The notion that privacy is problematic in a world dominated by instant communication is hardly new: as long ago as 1999, Sun Microsystems CEO Scott McNeally famously stated “You have zero privacy anyway. Get over it.”[2] This early sentiment on the invasiveness of technology has been borne out in chilling fashion with revelations that governments and corporations extensively monitor internet and cell phone use. It seems to me that the time is right to consider the proposition that continued changes in technology – in particular with respect to the life of the mind – require that we revisit the contours of the issue known as privacy of thought.
An important starting point is the extended mind hypothesis[3], the idea that cognition extends beyond the brain into the world at large. One example from the original paper - the case of Otto and Inga – illustrates the issue quite nicely. Inga hears about an exhibition at a museum that she recalls is on 53rd Street and sets off to see the artwork. Her neighbor Otto has dementia and so has made a practice of storing important information in a small notebook that he carries with him. When he hears of the exhibition, he consults his notebook, finds that the museum is on 53rd Street and, just like Inga, sets off for the same destination. Thus the cognitive function of storing information is mediated by the brain in one case and pen and paper in the other.
The claims of the extended mind hypothesis are radical: going beyond suggesting that human cognition relies on external structures for scaffolding and support, the extended mind thesis suggests that the physical vehicles that realize (at least some of) our cognitive processes lie outside of the bounds of the skull. Yet the concept resonates with a key feature of modern life: for many, there is a growing sense that computers, smartphones, and increasingly ‘the internet of things’ function as sophisticated extensions of our cognitive toolkit[4]. Conceiving of the mind as a blend between brain and algorithm challenges long-held assertions that there is something exceptional about the brain[5], but one ignores reality at one’s peril. Of late, I have begun to refer to the entire suite of algorithmic agents as "Technologies of the Extended Mind."

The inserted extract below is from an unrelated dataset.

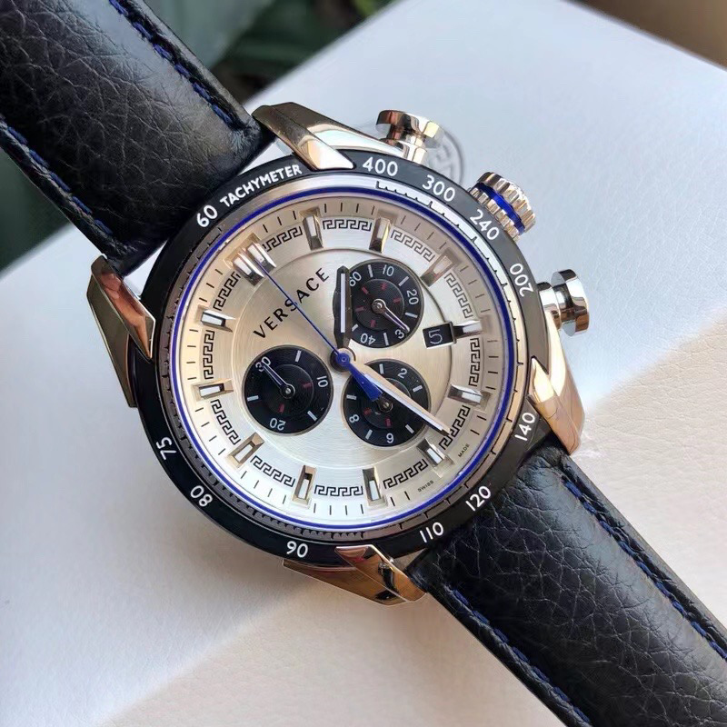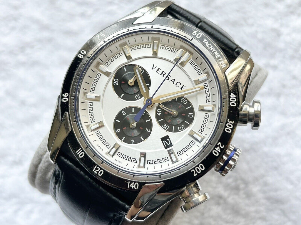 - Watch featuring round white dial with Greca-patterned border, date window, and contrast chronograph subdials

If we return to the question of privacy and situate the discussion in the context of a worldview that considers "Technologies of the Extended Mind" as a growing reality, we see that there is some new and interesting terrain to explore. It is well-known that both breaches and oversharing of our digital information has grown from the occasional to an everyday event. But if "Technologies of the Extended Mind" really are extensions of our cognitive toolkits, at some point the ability of others (governments, corporations, employers, friends, hackers, and more) to glimpse this information crosses the line from being a run-of-the-mill invasion of privacy to a more worrisome intrusion upon privacy of thought. Defining this dividing line – even if it turns out to be a fuzzy boundary – is an important challenge for neuroethical discourse.
The fundamental insight of Warren and Brandeis – that changes in technology require us to at least revisit if not update our moral norms – is as relevant today as it was 125 years ago.
REFERENCES
1. Warren, S. D. & Brandeis, L. D. The Right to Privacy. Harvard Law Review 4, 193 (1890).
2. Sprenger, P. Sun on Privacy: “Get Over It." Wired News (1999).
3. Clark, A. & Chalmers, D. The extended mind. Analysis 58, 7–19 (1998).
4. Pew Research Center. Digital Life in 2025. 1–61 (2014) at http://www.pewinternet.org/2014/03/11/digital-life-in-2025/
5. Reiner, P. B. The rise of neuroessentialism. in: Oxford Handbook of Neuroethics (eds. Illes, J. & Sahakian, B. J.) 161–175 (Oxford University Press, 2011).